Другим большевиком, знакомым с рационализацией труда не понаслышке, был Платон Михайлович Керженцев, проработавший несколько лет на английских и американских заводах. После он руководил РОСТА и служил заместителем редактора «Известий»[642]
. Однажды Керженцев со своим спутником-американцем присутствовал на митинге, который никак не мог начаться из‐за отсутствия оратора. Три с половиной тысячи рабочих прождали два часа. Американец быстро подсчитал, что в результате было потеряно 7000 рабочих часов. Керженцев ужаснулся и основал в июле 1923 года Лигу «Время-НОТ»; в ее правление вошли Гастев и Мейерхольд[643].И Гастев, и Керженцев были активными деятелями Пролеткульта — организации, задуманной в партийных школах на Капри и в Болонье. Именно там в 1909–1911 годах был поставлен вопрос об отношениях культуры, революции и социализма[644]

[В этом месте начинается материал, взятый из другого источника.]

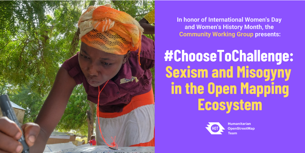 人道開放街圖小組(Humanitarian OpenStreetMap Team)為響應國際女性節與女性歷史月,舉辦了以「挑戰開放地圖社群性別歧視與厭女」為主題的研討會。社群成員認為:要挑戰性別歧視,必須要鼓勵女性參與、領導、聆聽及參與對話,檢視自身行為與偏見,提倡協作而非競爭,了解地方脈絡,戳破(call out)性別歧視的行為,同時避免羞辱行為者。作者指出,男性雖然不是女性,但絕對可以在這場對話中成為女性的盟友。

. Гастев был еще и поэтом, автором сборников «Поэзия рабочего удара» и «Пачка ордеров». Его рубленые строфы скандировали со сцены синеблузники; он и сам принимал участие в пролеткультовских инсценировках своей поэзии. По рукам ходили не только стихи Гастева, но и пародия на них безымянного автора:В августе 1920 года Гастев создал то, что называл своим последним художественным произведением, «научной конструкцией и высшей художественной легендой» — Центральный институт труда (ЦИТ). Его цель — помочь в создании «элементарной культуры привычек, без которых невозможно делать прочную, новую жизнь». Новая культура — это быстрота и точность движений, «ловкое владение телом», «способность неотступно биться». Она формируется производством, фабрикой, которую Гастев представлял «гигантской лабораторий», в которой машина организует действия рабочего, воспитывает его самодисциплину и интеллект. Рабочий машинного производства — не просто исполнитель, но и управленец, «директор предприятия, которое известно под именем станка (машины — орудия)». «История, — писал Гастев, — настоятельно требует… смелого проектирования человеческой личности, психологии в зависимости от такого исторического фактора, как машинизм»[646]
.Мысль о том, что машинное производство рождает новый тип человека, лежала в основе так называемого производственного искусства. Искусство будущего, считали производственники, — «не гурманство, а сам преображенный труд». Производство должно революционизировать искусство, а искусство — улучшать производство. Весной 1919 года на диспуте «Художник и машина» говорилось, что качественная, хорошо сконструированная и лучше всего выполняющая свое назначение вещь и есть совершеннейшее произведение искусства. Задача художника — помочь инженеру, конструктору и рабочему в создании таких вещей[647]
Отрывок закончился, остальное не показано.